● Task inputs:
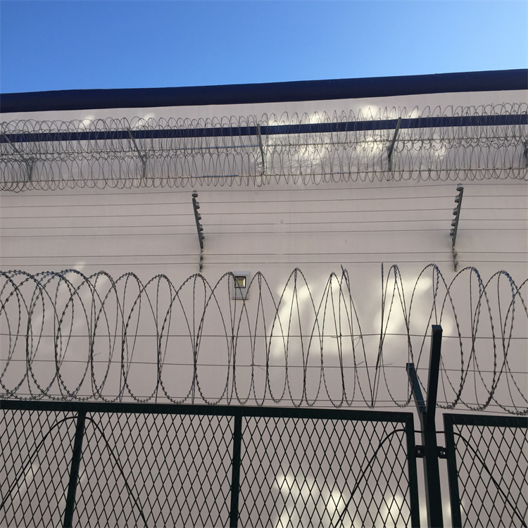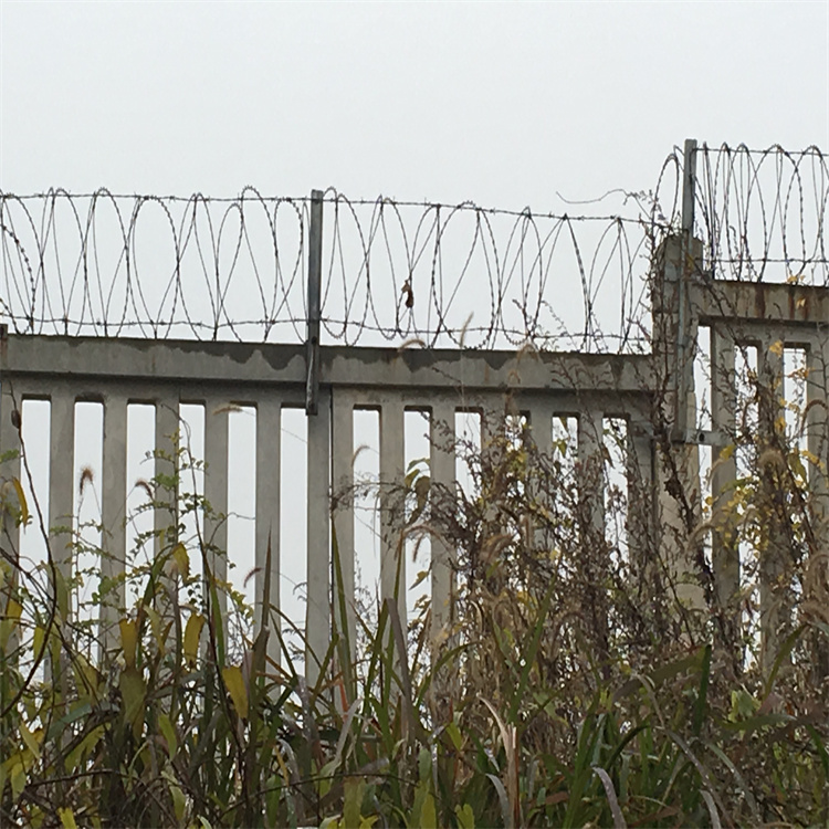 高鐵專用刺絲滾籠安裝方法;廣泛應(yīng)用于住宅區(qū),重要倉庫,工廠,邊防軍事場所等需要封鎖的場所。在打開之后,每個交叉圓的安裝距離為20厘米,直徑不小于45厘米。與立柱平放,埋在地下不小于0.3m,并且刺絲滾籠由0.5mm厚的Q195鋼板制成。支架放置在保護(hù)柱和中間跨度,跨越3米,另一個跨度僅放置在立柱的上部。安裝間距為20厘米,環(huán)直徑不小于45厘米。兩個支架的高度一般為730mm,上側(cè)有兩個掛鉤。加密支架重約1.73千克,厚度為2毫米。刺絲滾籠的跨度僅放置在柱的上部。刺絲滾籠是熱浸鍍鋅的。鍍鋅量通常為120g/m 2。 8毫米直徑夾具形狀是專門設(shè)計的螺母和防盜墊圈。外圍加工應(yīng)美觀,具有良好的實用。
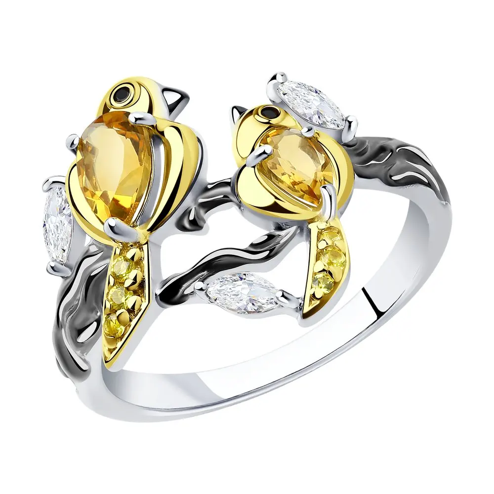 Кольцо «Птички» с цитринами и фианитами SOKOLOVКольцо «Птички» с цитринами и фианитами воплощает яркие сюжеты из живой природы. Вставки скомбинированы таким образом, чтобы подчеркнуть очертания и «оживить» образы канареек. Оригинальный дизайн, в котором нет ни одной лишней детали – настоящее произведение ювелирного искусства, которое можно купить по очень привлекательной цене.
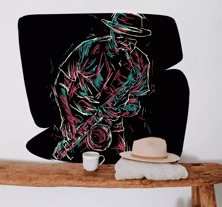Reference: A32732Abstract jazz saxophone player wall sticker
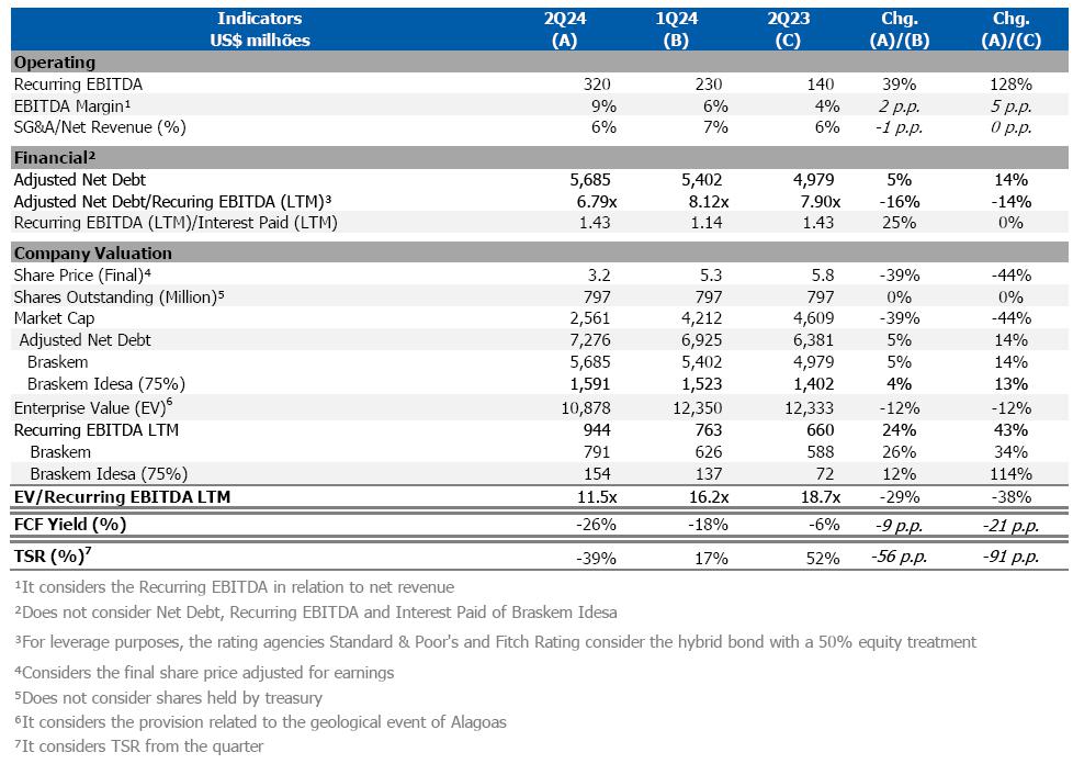 Braskem posts Recurring EBITDA of US$320 million in the quarter, 39% higher than 1Q24 and 128% higher than 2Q23
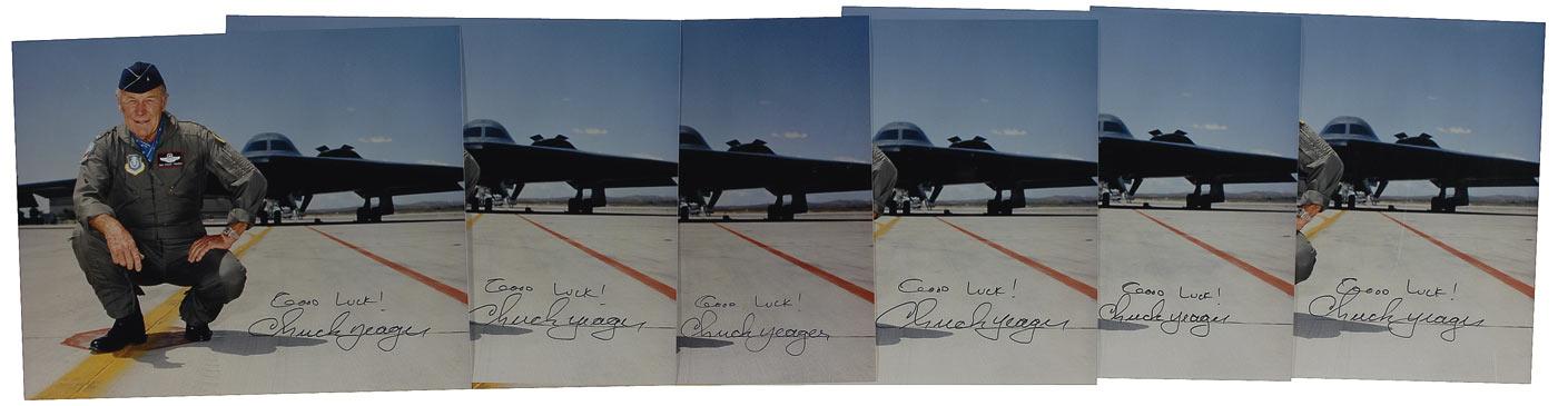 Six identical color glossy 10 x 8 photos of Yeager posing in front of a Stealth plane, each signed in black felt tip, “Good luck! Chuck Yeager.” In fine condition. Pre-certified Scott Cornish and RRAuction COA.
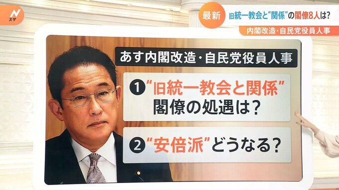 8月10日、内閣改造と自民党役員人事が行われます。ポイントは、旧統一教会と関係のある閣僚の処遇はどうなるのか?安倍派がどうなるか?ということです。スタジオで専門家が解説します。ホラン千秋キャスター:10…
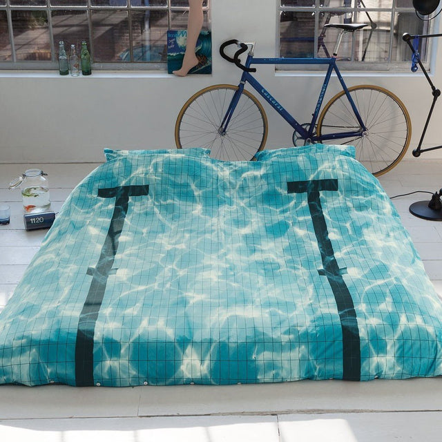 Piscina attraverso la sua fantastica stampa omaggia la bellezza e la profondità delle piscine olimpiche. Il fondale di una piscina caratterizza tutta la parure che grazie alla semplicità e alla finezza del cotone riesce ad esaltare l'alta definizione della stampa. Un perfetto prodotto da regalare ai grandi nuotatori.
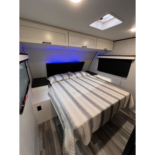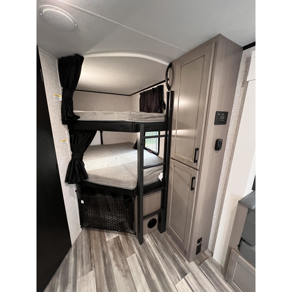 Camping has never been more comfortable than in the 2025 Jay Feather. This lightweight travel trailer is full of amenities, offers the same great interior decor you know and expect from Jayco, and a number of floorplans that are sure to fit your lifestyle. The bedroom in this RV is arguably one of the most comfortable places in the unit. For being a smaller travel trailer, its open-front bedroom features increased window sizes and 60- x 80-inch queen size bed, allowing for natural light a great walk-around space. Most Jay Feather floorplans now offer an optional 72- x 80-inch king bed; you truly will feel right at home on the road.
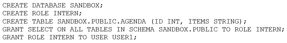 Which of the following commands does the Architect need to run for USER1 to find the tables using the Principle of Least Privilege? (Choose two.)
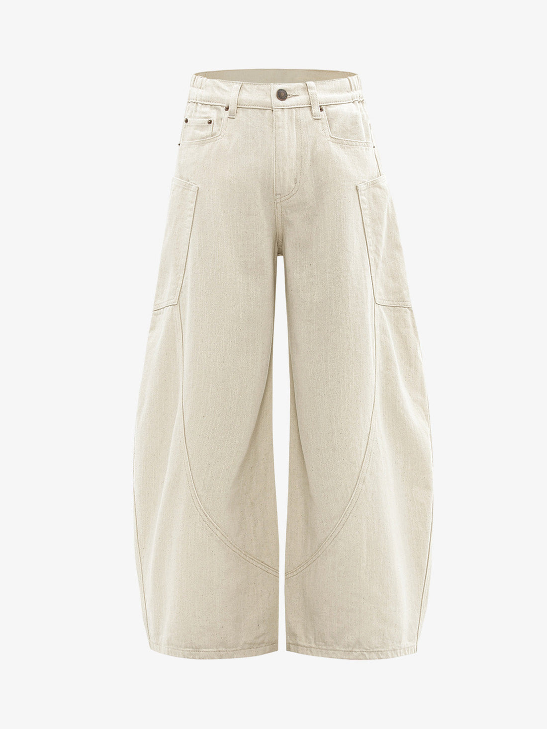 Raw Edge Tasarımlı Yıpratmalı Barrel Jean

● Problem statement: Reproduce exactly, and only, the lines that begin at the one containing "Which of the" and end with the final line of the data, both included, while omitting every picture.

● Worked solution:
 Which of the following commands does the Architect need to run for USER1 to find the tables using the Principle of Least Privilege? (Choose two.)
 Raw Edge Tasarımlı Yıpratmalı Barrel Jean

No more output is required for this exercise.